What trellis system should I use?


----------



## GreginND (Aug 16, 2014)

These are high vigor? What kind of root stock are they on? Usually the root stock controls the vigor. I've been all over Sonoma and Livermore wine country today and these varietals look small to me. All on VSP.


----------



## we5inelgr (Aug 17, 2014)

Thanks for the reply!

My understanding about "vigor" is that a high vigor plant will have lots, and lots of leaf growth as opposed to less leaf growth. In otherwords, it's in reference to the leaves/vines/fruit and not just the fruit itself. Is that not the case?

Both are "own" rootstock.

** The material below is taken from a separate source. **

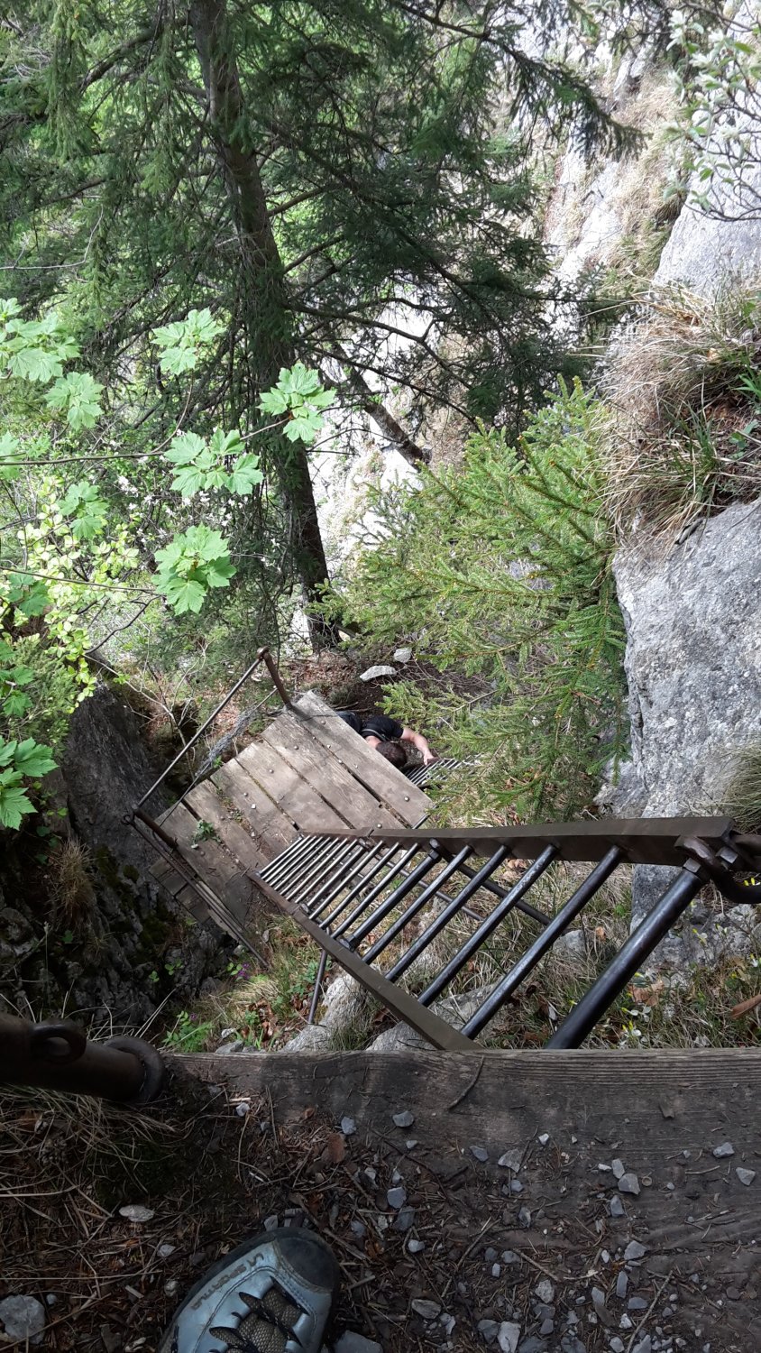 Gute Verhältnisse, alles trocken. Routenfindung nach dem Klemmblock nicht so einfach, fand ich. Wichtig: nach dem "rausklettern" aus der Klemmgrube mit Gesicht zur Wand drehen, dann rechts das Couloir hoch auf die gehauenen Tritten. Danach nicht steil rechts, sondern eher leicht links halten Querung zu einem Grashang. Diesen auch eher links haltend norwestlich hochsteigen mit nur wenig Höhegewinn bis zu einem toten Baumstamm mit Steinmann. Nicht zu weit hoch steigen! Rechts am Steinmann vorbei steigt man in den Follawald ab. Ab hier Höhe haltend entlang der Gonzenfelswand queren, nicht zu weit runter, eher leicht hochsteigend, wenn das Terrain zu abschüssig wird. Vom Bahnhof Sargans mit Verhauer und Wegsuche 4 Std. Insgesamt 1350 Hm.

Mist Propagated Clippings from one of the clones at UC Davis (FPS06 for Petite and FPS02 for the Cab).

I've seen contradictory information that, for example, Petite Sirah (generally speaking) is High Vigor, Moderate to High Vigor and Moderate Vigor. Since it appears that most agree that PS fruit tends to sunburn, I'm thinking I need to stay away from a trellis system like VSP that tends to give more sun exposure.

Ideas?


----------



## GreginND (Aug 17, 2014)

Ok, if they are on their own rootstock and have their natural vigor that may be different. But, I think you could still do VSP without a problem. You may need to top off the plants when they reach the top. Or you could do a TWC and let the plants grow downward. I am more familiar with hybrid varieties that work well with TWC. I think the vinifera have an upright growth preference and it's harder to train to top wire cordon. I would probably train them to VSP and try to control vigor with hedging the tops. But perhaps someone with more experience could weigh in on this.


----------



## grapeman (Aug 17, 2014)

For those varieties I would check locally to see what others are using with the best results. Off hand one system I can think of that you might investigate beyond VSP would be Lyre.


----------



## we5inelgr (Aug 18, 2014)

Many thanks for the reply's, and information. Much appreciated.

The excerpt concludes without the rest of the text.